Le monde a besoin d’une approche humble des banques centrales

Le monde a besoin d’une approche humble des banques centrales

Les banques centrales ne peuvent pas résoudre tous les problèmes qui affligent nos économies et ne devraient pas être censées résoudre des problèmes que d’autres acteurs peuvent mieux résoudre.

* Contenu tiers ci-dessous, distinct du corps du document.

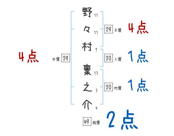 天運![]() | 野々村稟之介さんの天運は29画の4つ星!完全主義で才能がある。厳格な心の持ち主。 家系が持つ宿命的な運勢を表します。祖先から受け継いだ苗字ですので自分の力が及びません。家柄を象徴します。 |
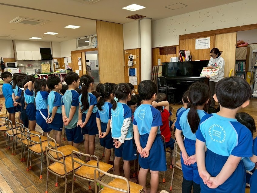 新しいクラスやお部屋での生活が始まったばかりでしたが、子どもたちは先生の話をよく聞き、落ち着いて避難することができました。初めて参加するお友だちも、周りの様子を見ながら一生懸命に行動する姿が見られました。また、年中・年長児はハンカチで口元を押さえ、煙を吸わないようにしながら避難することも忘れずに行うことができました。

Les banques centrales et leurs dirigeants devraient plutôt se concentrer sur trois objectifs : la stabilité des prix, la stabilité financière et la stabilité macroéconomique.

WASHINGTON, DC – Alors que le monde continue de connaître une période prolongée d’inflation imprévue provoquée par des chocs économiques et non économiques au cours des quatre dernières années, il est temps de procéder à une réévaluation franche des banques centrales et de la politique monétaire. Il est temps de reconnaître ce que nous avons bien fait et ce que nous avons mal fait, de reconnaître les limites de nos données et de notre compréhension, et de reconnaître les faiblesses de nos modèles et cadres. C’est avant tout l’heure de l’humilité – et du retour aux objectifs fondamentaux.

Les banques centrales ne peuvent pas résoudre tous les problèmes qui affligent nos économies. Il ne faut pas s’attendre à ce qu’ils résolvent des problèmes que d’autres acteurs peuvent mieux résoudre, tels que des objectifs collectifs mondiaux qui ne relèvent pas de leur compétence. Les banques centrales et leurs dirigeants devraient plutôt se concentrer sur trois objectifs : la stabilité des prix, la stabilité financière et la stabilité macroéconomique. Atteindre ces trois objectifs est déjà assez difficile. Nous devrions réduire les attentes du public selon lesquelles les banques centrales peuvent ou devraient faire plus que cela.

Que signifie en pratique une approche humble de la banque centrale ? Tout d’abord, les banques centrales doivent être plus réalistes quant à leur capacité à prévoir les résultats macroéconomiques avec une grande précision. Leurs récents antécédents l’ont démontré. Si nous regardons la Réserve fédérale et le diagramme des « cheveux », alors que l’inflation bondissait, les économistes du personnel ont répété à plusieurs reprises projeté un retour à une inflation de 2 %, quelle que soit l’estimation actuelle. À maintes reprises, les prévisions se sont révélées fausses – et ce dans les deux sens.